== Segment start ==

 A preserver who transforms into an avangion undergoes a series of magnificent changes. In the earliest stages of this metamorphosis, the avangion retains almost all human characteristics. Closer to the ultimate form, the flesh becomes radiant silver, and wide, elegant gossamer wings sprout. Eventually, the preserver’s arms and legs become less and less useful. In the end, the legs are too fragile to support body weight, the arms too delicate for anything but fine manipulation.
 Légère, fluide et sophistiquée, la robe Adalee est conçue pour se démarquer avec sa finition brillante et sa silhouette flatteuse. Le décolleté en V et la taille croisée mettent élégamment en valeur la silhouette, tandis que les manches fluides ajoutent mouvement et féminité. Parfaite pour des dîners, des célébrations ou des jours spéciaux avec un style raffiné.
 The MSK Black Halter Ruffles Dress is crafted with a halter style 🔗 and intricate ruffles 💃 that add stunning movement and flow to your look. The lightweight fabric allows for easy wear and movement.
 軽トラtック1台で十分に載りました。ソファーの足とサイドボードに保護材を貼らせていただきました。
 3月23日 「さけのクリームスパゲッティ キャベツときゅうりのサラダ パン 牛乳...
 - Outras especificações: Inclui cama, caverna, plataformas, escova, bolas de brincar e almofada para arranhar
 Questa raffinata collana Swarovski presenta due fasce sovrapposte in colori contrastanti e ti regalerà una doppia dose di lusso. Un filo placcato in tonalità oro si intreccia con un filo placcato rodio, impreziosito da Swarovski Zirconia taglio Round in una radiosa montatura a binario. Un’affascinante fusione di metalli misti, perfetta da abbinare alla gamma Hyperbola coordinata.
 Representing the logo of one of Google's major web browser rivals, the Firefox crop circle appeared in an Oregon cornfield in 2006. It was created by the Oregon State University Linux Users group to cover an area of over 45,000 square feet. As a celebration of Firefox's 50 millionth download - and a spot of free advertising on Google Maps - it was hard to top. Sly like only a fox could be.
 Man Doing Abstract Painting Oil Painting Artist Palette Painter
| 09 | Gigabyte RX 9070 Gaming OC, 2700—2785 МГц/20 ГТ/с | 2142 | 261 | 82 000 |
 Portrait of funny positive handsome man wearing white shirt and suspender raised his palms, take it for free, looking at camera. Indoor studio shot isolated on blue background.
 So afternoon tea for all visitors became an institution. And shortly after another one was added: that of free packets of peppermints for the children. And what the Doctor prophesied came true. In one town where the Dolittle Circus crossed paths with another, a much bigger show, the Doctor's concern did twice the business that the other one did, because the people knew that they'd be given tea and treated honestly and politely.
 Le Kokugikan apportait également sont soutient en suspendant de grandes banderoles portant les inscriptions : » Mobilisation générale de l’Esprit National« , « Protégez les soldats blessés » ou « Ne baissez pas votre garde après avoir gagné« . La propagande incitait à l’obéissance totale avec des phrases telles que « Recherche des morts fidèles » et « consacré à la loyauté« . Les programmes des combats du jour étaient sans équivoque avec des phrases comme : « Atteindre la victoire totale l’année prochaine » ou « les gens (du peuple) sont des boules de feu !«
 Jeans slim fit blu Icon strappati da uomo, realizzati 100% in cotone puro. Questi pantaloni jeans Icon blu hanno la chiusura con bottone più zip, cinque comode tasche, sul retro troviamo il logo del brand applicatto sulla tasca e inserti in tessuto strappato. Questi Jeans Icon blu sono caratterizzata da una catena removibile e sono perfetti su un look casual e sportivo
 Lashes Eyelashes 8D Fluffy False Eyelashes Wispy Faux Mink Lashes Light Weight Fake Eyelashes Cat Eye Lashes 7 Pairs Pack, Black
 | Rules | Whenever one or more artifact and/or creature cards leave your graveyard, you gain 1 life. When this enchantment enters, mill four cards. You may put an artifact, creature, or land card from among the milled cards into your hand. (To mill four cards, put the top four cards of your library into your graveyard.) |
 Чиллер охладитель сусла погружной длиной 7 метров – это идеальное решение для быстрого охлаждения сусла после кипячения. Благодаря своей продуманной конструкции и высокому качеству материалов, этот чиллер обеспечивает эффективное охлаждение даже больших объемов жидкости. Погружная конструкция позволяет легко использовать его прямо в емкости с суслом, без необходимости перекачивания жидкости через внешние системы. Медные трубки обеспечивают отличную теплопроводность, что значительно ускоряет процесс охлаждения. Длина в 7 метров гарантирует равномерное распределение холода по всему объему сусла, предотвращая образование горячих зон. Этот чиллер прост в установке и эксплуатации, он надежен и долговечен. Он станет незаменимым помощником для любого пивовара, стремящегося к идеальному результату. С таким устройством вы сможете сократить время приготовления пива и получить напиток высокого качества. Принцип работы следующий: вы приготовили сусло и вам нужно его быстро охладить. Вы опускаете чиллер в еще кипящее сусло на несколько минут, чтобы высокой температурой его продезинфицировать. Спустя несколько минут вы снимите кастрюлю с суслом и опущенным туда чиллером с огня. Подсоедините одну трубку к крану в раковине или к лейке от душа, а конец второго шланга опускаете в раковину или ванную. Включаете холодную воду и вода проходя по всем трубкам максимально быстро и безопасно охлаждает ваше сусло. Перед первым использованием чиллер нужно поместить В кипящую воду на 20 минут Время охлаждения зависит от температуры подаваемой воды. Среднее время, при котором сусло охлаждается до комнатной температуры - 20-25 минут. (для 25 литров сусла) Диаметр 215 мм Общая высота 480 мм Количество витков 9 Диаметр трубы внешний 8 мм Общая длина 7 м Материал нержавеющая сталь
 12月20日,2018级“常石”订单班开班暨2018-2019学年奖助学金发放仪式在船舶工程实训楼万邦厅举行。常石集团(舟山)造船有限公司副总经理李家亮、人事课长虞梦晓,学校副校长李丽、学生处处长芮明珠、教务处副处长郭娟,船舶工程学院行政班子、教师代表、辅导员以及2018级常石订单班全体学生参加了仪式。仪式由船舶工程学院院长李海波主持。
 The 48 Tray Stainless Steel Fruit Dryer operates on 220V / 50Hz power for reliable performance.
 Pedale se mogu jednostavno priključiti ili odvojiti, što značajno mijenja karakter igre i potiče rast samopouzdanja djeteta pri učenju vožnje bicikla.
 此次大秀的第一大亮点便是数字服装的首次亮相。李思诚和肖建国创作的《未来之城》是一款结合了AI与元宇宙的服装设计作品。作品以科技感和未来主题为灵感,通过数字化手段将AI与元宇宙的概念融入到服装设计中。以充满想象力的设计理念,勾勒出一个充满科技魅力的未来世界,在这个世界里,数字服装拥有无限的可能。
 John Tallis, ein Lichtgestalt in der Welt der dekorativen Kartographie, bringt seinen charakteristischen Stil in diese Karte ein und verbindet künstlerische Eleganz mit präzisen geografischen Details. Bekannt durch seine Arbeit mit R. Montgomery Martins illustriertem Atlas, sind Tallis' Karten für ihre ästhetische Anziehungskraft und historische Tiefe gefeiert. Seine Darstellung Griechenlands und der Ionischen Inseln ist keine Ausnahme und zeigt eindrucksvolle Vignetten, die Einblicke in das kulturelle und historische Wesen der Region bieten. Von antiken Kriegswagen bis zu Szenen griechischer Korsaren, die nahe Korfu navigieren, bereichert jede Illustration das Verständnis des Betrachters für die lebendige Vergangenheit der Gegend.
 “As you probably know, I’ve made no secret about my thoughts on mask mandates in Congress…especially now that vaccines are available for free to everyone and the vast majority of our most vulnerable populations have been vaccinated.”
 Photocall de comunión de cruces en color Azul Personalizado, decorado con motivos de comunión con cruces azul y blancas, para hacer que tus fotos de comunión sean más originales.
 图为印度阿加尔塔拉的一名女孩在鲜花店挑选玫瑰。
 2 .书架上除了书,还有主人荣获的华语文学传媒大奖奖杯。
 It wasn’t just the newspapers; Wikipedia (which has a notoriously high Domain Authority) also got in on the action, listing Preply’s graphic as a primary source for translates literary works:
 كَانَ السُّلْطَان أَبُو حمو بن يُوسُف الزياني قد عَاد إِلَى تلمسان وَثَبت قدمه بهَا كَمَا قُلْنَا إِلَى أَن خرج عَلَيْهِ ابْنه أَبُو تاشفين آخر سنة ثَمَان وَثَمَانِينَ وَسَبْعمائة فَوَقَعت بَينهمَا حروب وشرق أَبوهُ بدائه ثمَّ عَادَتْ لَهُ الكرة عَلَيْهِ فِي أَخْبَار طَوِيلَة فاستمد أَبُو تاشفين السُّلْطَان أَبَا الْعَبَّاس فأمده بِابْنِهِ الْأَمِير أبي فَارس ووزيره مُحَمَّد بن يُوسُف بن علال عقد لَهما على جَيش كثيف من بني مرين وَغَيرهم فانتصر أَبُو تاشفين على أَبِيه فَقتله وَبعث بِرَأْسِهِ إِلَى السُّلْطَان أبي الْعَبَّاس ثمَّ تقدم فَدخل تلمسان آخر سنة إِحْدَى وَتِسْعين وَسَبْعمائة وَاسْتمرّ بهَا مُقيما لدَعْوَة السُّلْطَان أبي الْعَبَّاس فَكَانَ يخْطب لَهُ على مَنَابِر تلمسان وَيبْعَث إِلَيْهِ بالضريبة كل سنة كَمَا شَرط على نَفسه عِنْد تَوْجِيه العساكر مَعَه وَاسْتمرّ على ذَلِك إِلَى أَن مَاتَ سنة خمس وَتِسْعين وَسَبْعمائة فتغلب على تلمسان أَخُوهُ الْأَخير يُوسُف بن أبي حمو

== Segment end ==

Exercise. Of all the entries above, retype exactly the lines from the line with "Representing the logo" to the line with "Portrait of funny", both included, and no others.

Result.
 Representing the logo of one of Google's major web browser rivals, the Firefox crop circle appeared in an Oregon cornfield in 2006. It was created by the Oregon State University Linux Users group to cover an area of over 45,000 square feet. As a celebration of Firefox's 50 millionth download - and a spot of free advertising on Google Maps - it was hard to top. Sly like only a fox could be.
 Man Doing Abstract Painting Oil Painting Artist Palette Painter
| 09 | Gigabyte RX 9070 Gaming OC, 2700—2785 МГц/20 ГТ/с | 2142 | 261 | 82 000 |
 Portrait of funny positive handsome man wearing white shirt and suspender raised his palms, take it for free, looking at camera. Indoor studio shot isolated on blue background.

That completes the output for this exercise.